Posted Jul 8 2011 10:10AM
OAKLAND -- The greatness right now of Mark Jackson as a coach, in the absence of actual evidence, is that he can out-conversation, out-spin, out-momma-there-goes-that-man anyone. He is a hired talker by previous trade and has a comeback for every question about his risky hire by the Warriors.
It is a risk, no matter how Jackson or Golden State owner Joe Lacob sell it. Maybe Jackson is a big success and they are both one day crowned geniuses -- there is no shortage of people who speak highly of Jackson, and Lacob has surely been willing in the one season since purchasing the team to strike with bold actions. Typical isn't their thing.
But this is quite a gamble for the Warriors, a team on its third coach in as many seasons, desperately needing stability on the sideline, and long past being able to plead roster inexperience for the latest collection of lottery picks. There is uncertainty whether the new arrival will even have a training camp to get acquainted with the roster, or instead have to rush through a prep period to squeeze in a possibly abbreviated 2011-12 season. That's a lot for a rookie coach.
Not a first-time head coach.
A first-time coach.
Jackson has never spent a day working from a bench, implementing scouting reports, managing minutes, juggling personalities, organizing practice plans, drawing the final possession on the dry-erase board during a timeout with four seconds remaining and his team down two.

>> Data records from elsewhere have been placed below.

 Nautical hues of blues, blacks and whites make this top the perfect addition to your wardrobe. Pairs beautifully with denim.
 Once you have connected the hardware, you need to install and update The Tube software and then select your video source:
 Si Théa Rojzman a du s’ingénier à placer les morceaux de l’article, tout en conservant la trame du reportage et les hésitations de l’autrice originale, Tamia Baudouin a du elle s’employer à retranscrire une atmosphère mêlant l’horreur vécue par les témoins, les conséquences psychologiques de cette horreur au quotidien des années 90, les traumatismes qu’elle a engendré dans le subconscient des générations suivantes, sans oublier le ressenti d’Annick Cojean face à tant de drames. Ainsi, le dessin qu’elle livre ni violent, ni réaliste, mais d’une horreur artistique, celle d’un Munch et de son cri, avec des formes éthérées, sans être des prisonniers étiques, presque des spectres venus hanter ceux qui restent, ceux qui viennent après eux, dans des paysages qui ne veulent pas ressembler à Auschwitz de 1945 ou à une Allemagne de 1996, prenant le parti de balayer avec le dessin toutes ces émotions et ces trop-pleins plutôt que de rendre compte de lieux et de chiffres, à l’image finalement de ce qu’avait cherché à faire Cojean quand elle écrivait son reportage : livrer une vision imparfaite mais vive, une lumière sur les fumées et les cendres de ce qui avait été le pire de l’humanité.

That part about being a coach on the court for 17 seasons as point guard for the Knicks, Clippers, Pacers, Nuggets, Raptors, Jazz and Rockets? The line will get trotted out a lot as Jackson enters his first season, and there obviously is a benefit to having the ball in his hands in a lot of pressure situations on playoff teams. But that isn't close to experience as an actual coach, assistant or No. 1 man.
And, yes, he was an analyst for ABC and ESPN, with all the opportunities to watch games unfold from a courtside perspective. Jackson had the advantage of playing scenarios through in his mind without the outcome riding on his decision. But put it this way: If teams really believed broadcasting was ideal preparation to become a coach, they would be handing their brightest young minds a microphone and makeup kit for a couple seasons.

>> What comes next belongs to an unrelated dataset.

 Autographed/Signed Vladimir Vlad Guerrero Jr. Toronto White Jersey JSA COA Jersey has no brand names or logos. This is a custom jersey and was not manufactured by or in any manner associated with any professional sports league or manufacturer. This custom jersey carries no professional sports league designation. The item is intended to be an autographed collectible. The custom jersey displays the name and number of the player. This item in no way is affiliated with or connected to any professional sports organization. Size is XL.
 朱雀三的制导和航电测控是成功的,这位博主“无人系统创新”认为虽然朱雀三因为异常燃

Yet here Jackson stands, at the Warriors' downtown practice facility early in a very uncertain offseason, guaranteeing an immediate playoff berth, raising the stakes on the hire that much more. They could have a 2011-12 of improving by, say, 12 games -- certainly measurable forward progress -- and still be back in the lottery, putting Jackson in position to be asked about another Golden State fail.
"I've been preparing for it my whole life," he said. "As a kid, I dreamt of playing, dreamt of announcing, dreamt of coaching. I've been able to do two out of the three, and now this opportunity presents itself. I'm thrilled about it."
A comeback for every question.
"I believe there were skeptics about my ability to play in this league too, because of the facts," Jackson said of the skeptics who understandably wonder if he is properly prepared for his new job. "I ignore the facts and I put myself in position to succeed and I'm smart enough to put people around me that are going to make life a lot easier. I'm thrilled about this opportunity. The crazy thing is, there are teams that would hire me today with the same resume, because somebody pulled the trigger. I'm so grateful to Joe, to this ownership, to this front office for pulling the trigger. It's going to be a great time."
The analogy to his playing career is a decent comparison. Jackson had a starring role his final two seasons at St. John's, but still lasted until the 18th pick of the 1987 Draft before being taken by his hometown Knicks as the fourth point guard off the board, following Kenny Smith (sixth to the Kings), Kevin Johnson (seventh, Cavaliers) and Tyrone Bogues (12th, Bullets). Then Jackson won Rookie of the Year and put together a career that, despite including just one All-Star appearance, finished with him third on the career assist list.
Now he's trying to make another big leap, this time from zero coaching experience to being good enough to have the kind of long run the Warriors need after so much turnover.
"Whenever you hire someone, whether it be a coach or any other position, there's always some risk that they won't work out," Lacob said. "But I would say ... he has every quality that you could possibly look for in a head coach to be successful except for one, which has been pointed out, obviously, over and over again: He has not been a head coach. But neither had Doc Rivers. Neither had Jerry West. Danny Ainge. Larry Bird. All were successful coaches for a while in the NBA.
"Mark Jackson, bottom line, is going to be a very good head coach, I believe."